◆ **WHAT YOU SHOULD DO**
The records should be restated exactly from their first line through the line with "Ángela Jazmín Hidalgo." in it.

Stored items:
Segment Open

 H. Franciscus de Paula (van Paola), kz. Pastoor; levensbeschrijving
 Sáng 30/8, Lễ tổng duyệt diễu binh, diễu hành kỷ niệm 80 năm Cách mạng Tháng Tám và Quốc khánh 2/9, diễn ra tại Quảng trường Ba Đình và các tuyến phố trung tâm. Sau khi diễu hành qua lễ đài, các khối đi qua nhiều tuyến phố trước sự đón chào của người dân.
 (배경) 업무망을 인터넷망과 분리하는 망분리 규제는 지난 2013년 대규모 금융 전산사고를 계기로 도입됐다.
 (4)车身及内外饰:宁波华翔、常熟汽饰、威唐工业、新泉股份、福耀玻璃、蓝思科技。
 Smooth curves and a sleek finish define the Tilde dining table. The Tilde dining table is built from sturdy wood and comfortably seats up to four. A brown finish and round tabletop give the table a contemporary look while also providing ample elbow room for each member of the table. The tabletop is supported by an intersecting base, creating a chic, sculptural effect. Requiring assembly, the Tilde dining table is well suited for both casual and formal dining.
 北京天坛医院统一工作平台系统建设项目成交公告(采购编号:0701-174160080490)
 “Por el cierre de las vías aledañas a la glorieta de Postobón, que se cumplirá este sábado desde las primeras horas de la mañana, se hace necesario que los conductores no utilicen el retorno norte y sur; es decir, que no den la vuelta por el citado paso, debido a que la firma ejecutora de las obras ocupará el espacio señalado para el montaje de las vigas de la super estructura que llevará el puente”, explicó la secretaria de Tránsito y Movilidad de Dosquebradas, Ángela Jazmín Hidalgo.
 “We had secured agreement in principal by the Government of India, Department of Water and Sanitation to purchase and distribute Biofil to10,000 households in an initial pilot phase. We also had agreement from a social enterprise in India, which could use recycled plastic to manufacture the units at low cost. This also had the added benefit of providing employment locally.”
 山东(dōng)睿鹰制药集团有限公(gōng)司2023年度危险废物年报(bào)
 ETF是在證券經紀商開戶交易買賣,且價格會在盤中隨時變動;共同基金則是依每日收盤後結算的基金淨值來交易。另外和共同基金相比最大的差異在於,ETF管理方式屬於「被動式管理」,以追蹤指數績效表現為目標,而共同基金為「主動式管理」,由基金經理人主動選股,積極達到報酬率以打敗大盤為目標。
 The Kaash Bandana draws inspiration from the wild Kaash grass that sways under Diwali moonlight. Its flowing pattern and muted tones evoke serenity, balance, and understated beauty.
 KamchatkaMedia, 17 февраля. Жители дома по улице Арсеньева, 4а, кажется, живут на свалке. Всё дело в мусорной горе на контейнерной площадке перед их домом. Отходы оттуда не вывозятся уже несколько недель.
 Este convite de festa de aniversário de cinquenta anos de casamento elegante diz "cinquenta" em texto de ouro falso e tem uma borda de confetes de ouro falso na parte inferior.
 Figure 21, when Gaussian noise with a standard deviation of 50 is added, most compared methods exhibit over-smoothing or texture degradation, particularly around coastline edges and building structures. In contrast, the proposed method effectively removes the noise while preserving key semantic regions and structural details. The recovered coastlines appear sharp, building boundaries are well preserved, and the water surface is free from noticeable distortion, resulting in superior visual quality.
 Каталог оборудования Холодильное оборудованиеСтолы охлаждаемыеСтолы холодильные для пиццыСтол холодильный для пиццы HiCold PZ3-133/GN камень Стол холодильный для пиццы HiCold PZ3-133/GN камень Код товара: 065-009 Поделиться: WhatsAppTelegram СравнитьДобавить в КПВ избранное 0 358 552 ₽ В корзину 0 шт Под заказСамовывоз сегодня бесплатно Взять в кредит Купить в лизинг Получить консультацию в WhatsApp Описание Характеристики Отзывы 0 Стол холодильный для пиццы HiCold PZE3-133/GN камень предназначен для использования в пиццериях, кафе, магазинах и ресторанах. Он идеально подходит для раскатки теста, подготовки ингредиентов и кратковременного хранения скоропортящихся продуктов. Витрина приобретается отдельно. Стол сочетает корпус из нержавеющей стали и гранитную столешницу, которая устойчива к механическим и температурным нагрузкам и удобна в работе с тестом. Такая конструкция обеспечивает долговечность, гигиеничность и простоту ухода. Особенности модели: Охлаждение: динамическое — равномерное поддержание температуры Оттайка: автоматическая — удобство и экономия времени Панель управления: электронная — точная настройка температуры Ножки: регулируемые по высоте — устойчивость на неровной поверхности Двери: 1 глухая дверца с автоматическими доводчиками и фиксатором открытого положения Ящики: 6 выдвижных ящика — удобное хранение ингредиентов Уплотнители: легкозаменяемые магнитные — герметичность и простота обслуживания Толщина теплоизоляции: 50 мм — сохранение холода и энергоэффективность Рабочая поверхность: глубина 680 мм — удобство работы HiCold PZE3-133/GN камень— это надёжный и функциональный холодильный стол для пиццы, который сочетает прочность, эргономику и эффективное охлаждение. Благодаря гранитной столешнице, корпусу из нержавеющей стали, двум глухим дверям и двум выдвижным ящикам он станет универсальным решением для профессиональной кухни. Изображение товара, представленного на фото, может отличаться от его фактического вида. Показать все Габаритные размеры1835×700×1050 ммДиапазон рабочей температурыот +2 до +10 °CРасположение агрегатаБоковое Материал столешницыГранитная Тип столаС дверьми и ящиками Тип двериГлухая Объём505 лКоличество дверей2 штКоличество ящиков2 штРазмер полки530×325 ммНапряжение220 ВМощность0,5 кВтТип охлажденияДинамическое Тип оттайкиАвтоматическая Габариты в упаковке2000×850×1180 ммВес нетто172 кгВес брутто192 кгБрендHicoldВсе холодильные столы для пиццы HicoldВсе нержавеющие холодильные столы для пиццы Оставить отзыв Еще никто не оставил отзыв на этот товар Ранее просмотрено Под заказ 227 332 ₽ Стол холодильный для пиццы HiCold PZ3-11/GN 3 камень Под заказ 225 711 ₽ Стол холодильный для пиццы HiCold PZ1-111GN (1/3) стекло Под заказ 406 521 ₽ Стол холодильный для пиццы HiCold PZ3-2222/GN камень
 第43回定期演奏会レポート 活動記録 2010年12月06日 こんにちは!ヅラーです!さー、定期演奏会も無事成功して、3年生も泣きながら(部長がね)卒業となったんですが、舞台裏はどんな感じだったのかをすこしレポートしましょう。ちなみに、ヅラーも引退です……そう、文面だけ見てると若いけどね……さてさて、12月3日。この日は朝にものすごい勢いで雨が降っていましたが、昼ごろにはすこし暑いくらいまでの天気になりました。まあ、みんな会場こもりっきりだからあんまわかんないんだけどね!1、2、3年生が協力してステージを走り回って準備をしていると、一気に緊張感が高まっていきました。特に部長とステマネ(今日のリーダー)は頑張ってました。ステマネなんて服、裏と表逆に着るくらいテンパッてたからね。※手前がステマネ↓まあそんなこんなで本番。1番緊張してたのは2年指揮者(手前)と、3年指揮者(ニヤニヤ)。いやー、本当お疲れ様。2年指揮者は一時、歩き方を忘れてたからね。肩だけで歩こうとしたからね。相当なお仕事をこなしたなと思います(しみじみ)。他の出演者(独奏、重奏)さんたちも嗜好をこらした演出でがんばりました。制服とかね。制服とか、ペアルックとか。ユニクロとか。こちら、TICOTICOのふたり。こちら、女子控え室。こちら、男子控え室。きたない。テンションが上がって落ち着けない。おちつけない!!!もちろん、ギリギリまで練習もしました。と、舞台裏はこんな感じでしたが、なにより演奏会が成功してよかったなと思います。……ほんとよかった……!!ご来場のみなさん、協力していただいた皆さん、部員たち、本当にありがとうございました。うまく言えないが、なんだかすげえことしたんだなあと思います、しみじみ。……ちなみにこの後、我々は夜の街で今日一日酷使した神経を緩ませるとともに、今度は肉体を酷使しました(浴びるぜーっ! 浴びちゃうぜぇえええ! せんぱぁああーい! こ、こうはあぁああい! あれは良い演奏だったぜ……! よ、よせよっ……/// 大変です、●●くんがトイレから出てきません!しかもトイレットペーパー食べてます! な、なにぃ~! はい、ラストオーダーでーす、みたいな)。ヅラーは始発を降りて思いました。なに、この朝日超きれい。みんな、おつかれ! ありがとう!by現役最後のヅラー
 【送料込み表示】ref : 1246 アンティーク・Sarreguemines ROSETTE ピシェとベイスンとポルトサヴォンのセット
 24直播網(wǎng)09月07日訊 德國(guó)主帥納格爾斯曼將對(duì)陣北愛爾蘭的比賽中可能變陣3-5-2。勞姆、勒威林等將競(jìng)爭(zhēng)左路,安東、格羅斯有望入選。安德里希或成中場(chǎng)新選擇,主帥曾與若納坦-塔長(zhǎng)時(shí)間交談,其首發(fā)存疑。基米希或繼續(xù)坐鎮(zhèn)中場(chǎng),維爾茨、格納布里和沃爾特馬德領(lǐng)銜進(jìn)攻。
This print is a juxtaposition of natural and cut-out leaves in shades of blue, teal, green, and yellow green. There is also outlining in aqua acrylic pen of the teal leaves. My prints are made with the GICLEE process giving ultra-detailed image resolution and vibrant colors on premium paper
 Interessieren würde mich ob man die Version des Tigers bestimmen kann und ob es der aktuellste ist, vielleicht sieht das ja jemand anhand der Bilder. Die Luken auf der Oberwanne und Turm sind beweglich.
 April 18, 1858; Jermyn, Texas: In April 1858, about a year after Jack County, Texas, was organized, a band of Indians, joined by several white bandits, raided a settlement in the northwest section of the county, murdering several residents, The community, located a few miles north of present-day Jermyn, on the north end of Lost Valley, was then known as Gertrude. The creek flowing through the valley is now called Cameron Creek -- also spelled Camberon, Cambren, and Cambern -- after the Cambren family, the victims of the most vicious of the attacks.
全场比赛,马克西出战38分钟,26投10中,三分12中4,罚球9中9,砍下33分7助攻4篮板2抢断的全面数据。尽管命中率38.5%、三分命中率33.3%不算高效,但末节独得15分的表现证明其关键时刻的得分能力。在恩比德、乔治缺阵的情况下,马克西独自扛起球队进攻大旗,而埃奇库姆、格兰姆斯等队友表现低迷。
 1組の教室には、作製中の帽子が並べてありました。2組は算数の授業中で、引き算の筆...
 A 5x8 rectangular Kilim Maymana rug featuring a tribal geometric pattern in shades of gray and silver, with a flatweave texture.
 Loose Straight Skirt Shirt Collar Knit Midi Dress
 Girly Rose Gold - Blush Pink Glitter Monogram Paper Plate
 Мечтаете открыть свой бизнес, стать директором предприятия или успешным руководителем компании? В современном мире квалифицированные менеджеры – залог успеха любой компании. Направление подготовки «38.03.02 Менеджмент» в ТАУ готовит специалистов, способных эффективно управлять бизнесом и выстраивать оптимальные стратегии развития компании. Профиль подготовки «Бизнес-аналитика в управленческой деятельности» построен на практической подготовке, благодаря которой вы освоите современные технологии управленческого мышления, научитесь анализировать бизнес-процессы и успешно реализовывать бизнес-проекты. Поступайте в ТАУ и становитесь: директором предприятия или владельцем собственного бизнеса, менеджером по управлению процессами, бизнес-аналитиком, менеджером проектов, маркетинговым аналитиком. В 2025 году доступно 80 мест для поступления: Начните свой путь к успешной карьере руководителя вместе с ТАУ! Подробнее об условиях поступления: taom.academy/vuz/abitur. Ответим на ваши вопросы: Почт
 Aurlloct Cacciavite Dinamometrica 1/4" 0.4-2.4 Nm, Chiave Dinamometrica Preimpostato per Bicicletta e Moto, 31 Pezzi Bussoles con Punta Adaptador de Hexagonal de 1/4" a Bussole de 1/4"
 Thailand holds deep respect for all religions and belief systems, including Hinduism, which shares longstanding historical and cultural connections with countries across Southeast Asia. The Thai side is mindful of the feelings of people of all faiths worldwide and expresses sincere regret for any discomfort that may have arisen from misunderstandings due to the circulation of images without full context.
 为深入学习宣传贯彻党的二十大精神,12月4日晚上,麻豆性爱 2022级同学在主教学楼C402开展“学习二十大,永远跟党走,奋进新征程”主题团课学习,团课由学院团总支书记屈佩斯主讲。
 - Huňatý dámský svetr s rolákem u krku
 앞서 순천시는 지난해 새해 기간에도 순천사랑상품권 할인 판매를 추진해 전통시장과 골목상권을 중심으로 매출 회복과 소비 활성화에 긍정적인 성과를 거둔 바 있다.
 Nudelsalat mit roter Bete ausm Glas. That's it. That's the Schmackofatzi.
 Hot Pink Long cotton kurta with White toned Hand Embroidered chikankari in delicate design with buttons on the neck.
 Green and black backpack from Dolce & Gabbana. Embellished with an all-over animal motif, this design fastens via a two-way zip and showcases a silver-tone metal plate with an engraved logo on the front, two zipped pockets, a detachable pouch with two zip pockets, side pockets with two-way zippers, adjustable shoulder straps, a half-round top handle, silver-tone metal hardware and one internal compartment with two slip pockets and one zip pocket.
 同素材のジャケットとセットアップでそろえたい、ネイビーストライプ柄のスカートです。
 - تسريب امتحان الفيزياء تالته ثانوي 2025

Segment Closed

◆ **EXERCISE ANSWER**
 H. Franciscus de Paula (van Paola), kz. Pastoor; levensbeschrijving
 Sáng 30/8, Lễ tổng duyệt diễu binh, diễu hành kỷ niệm 80 năm Cách mạng Tháng Tám và Quốc khánh 2/9, diễn ra tại Quảng trường Ba Đình và các tuyến phố trung tâm. Sau khi diễu hành qua lễ đài, các khối đi qua nhiều tuyến phố trước sự đón chào của người dân.
 (배경) 업무망을 인터넷망과 분리하는 망분리 규제는 지난 2013년 대규모 금융 전산사고를 계기로 도입됐다.
 (4)车身及内外饰:宁波华翔、常熟汽饰、威唐工业、新泉股份、福耀玻璃、蓝思科技。
 Smooth curves and a sleek finish define the Tilde dining table. The Tilde dining table is built from sturdy wood and comfortably seats up to four. A brown finish and round tabletop give the table a contemporary look while also providing ample elbow room for each member of the table. The tabletop is supported by an intersecting base, creating a chic, sculptural effect. Requiring assembly, the Tilde dining table is well suited for both casual and formal dining.
 北京天坛医院统一工作平台系统建设项目成交公告(采购编号:0701-174160080490)
 “Por el cierre de las vías aledañas a la glorieta de Postobón, que se cumplirá este sábado desde las primeras horas de la mañana, se hace necesario que los conductores no utilicen el retorno norte y sur; es decir, que no den la vuelta por el citado paso, debido a que la firma ejecutora de las obras ocupará el espacio señalado para el montaje de las vigas de la super estructura que llevará el puente”, explicó la secretaria de Tránsito y Movilidad de Dosquebradas, Ángela Jazmín Hidalgo.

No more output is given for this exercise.